_PROBLEM STATEMENT_
Everything in the entries below must be reproduced exactly, except the images.
(Beginning of DATA RECORDS)
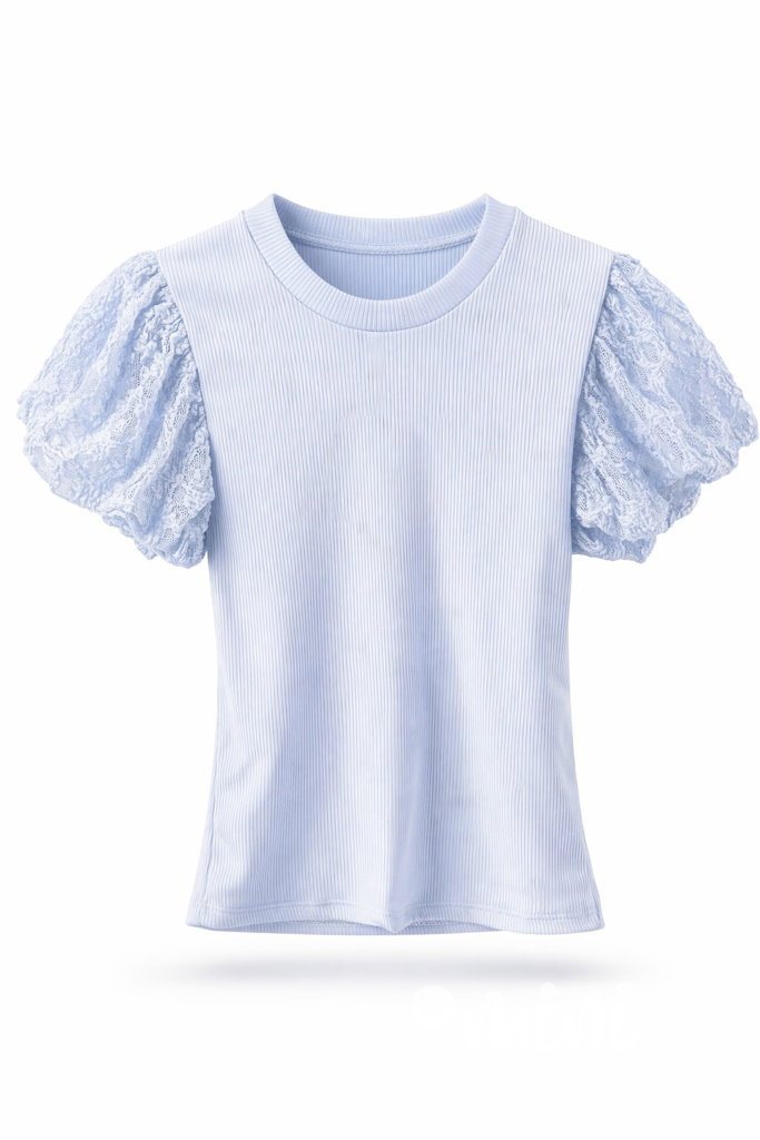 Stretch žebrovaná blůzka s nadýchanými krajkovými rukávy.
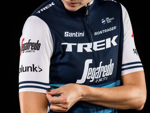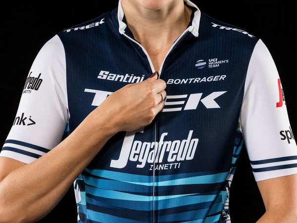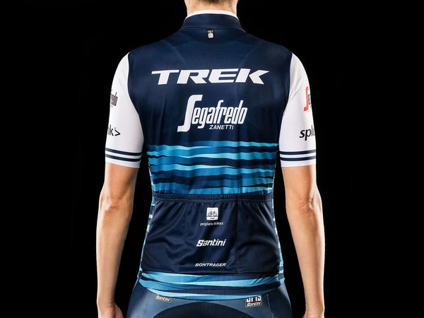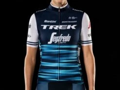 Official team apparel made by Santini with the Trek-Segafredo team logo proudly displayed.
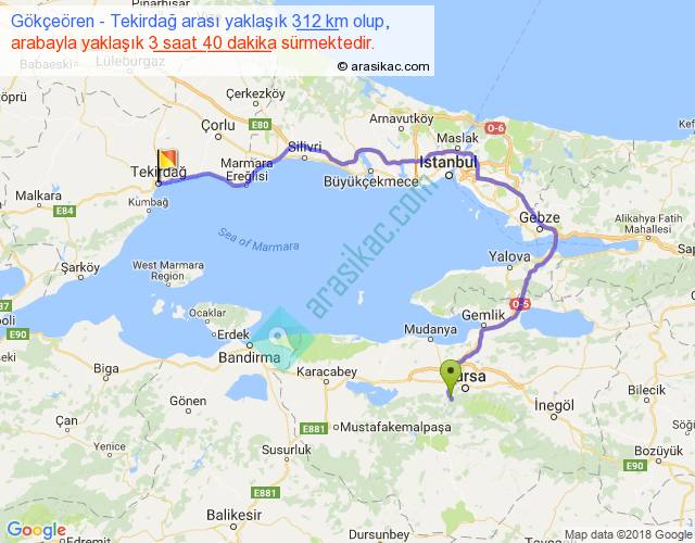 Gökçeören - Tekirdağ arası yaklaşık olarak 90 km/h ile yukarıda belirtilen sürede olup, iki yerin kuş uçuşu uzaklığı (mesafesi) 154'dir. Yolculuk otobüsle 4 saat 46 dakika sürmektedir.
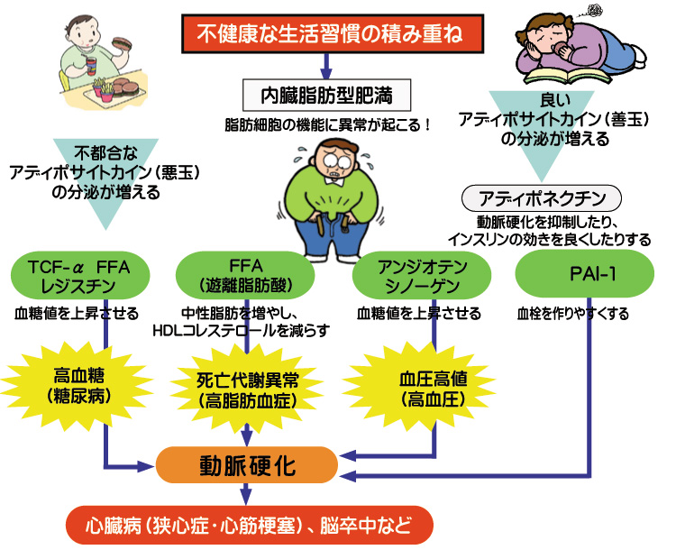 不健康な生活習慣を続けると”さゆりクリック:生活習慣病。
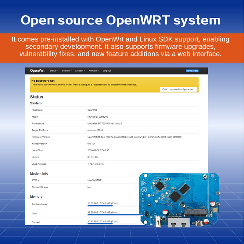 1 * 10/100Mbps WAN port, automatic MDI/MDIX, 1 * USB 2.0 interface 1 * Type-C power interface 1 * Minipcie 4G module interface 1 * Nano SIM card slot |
(End of DATA RECORDS)
_YOUR SOLUTION_
 Stretch žebrovaná blůzka s nadýchanými krajkovými rukávy.
 Official team apparel made by Santini with the Trek-Segafredo team logo proudly displayed.
 Gökçeören - Tekirdağ arası yaklaşık olarak 90 km/h ile yukarıda belirtilen sürede olup, iki yerin kuş uçuşu uzaklığı (mesafesi) 154'dir. Yolculuk otobüsle 4 saat 46 dakika sürmektedir.
 不健康な生活習慣を続けると”さゆりクリック:生活習慣病。
 1 * 10/100Mbps WAN port, automatic MDI/MDIX, 1 * USB 2.0 interface 1 * Type-C power interface 1 * Minipcie 4G module interface 1 * Nano SIM card slot |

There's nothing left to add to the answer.